ASSIGNMENT :: Using the listing below, copy exactly the lines from the one containing "The watch measures" to the one containing "Pierścionek wykonany ze", both lines included, and no others.

PROVIDED MATERIAL ::
+--
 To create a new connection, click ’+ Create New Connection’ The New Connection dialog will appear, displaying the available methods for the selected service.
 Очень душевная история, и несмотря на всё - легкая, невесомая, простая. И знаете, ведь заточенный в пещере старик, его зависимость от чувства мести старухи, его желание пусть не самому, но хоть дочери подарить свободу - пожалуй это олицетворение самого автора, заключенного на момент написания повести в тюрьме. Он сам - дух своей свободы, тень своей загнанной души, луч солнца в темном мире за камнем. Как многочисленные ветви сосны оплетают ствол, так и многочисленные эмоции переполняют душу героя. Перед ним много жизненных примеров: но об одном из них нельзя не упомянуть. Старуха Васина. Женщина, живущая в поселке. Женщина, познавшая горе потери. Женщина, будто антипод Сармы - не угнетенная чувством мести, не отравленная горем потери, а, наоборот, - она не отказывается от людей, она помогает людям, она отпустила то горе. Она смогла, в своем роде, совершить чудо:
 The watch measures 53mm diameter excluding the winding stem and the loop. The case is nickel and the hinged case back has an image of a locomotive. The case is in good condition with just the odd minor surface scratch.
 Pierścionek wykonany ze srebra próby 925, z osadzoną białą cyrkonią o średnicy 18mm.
+--
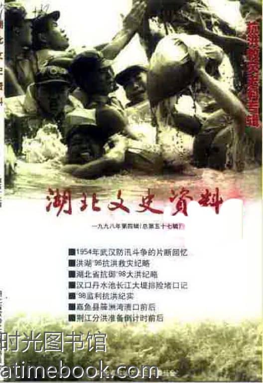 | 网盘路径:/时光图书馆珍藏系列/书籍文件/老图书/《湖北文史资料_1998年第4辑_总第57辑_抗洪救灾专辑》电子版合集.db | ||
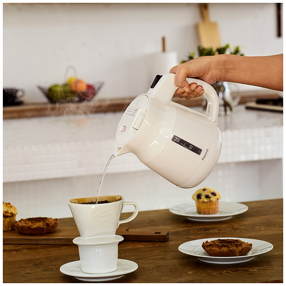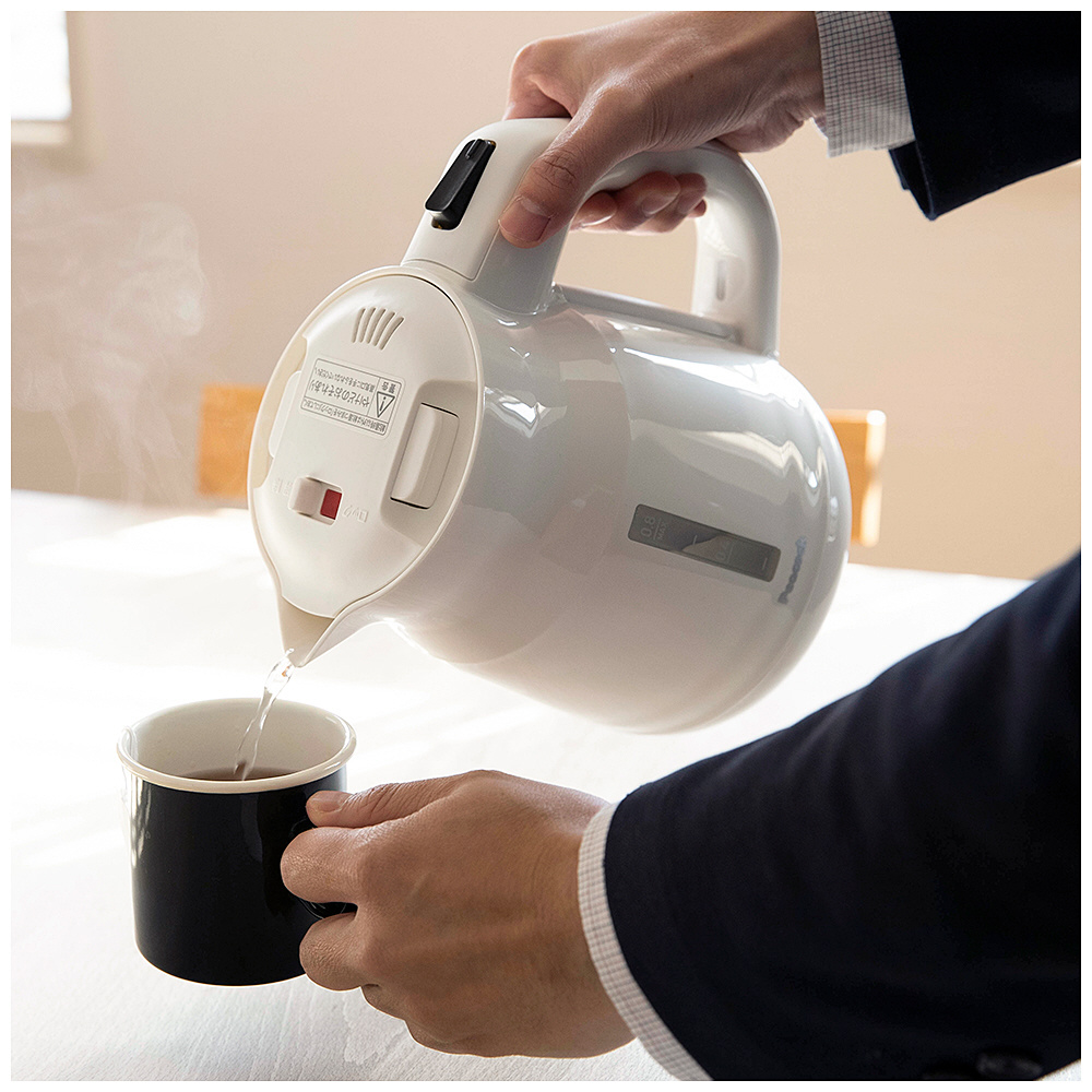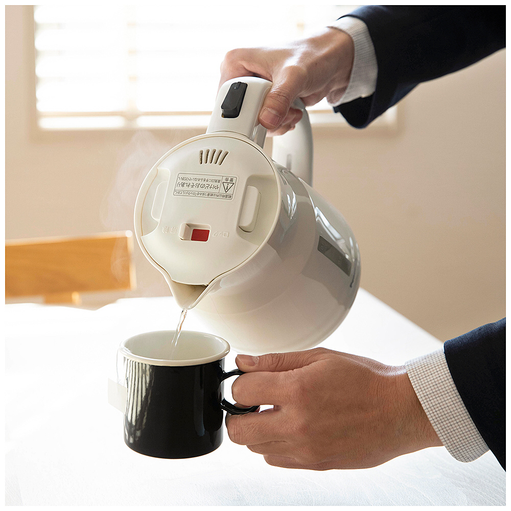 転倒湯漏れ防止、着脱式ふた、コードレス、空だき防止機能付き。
+--
SOLVED EXERCISE ::
 The watch measures 53mm diameter excluding the winding stem and the loop. The case is nickel and the hinged case back has an image of a locomotive. The case is in good condition with just the odd minor surface scratch.
 Pierścionek wykonany ze srebra próby 925, z osadzoną białą cyrkonią o średnicy 18mm.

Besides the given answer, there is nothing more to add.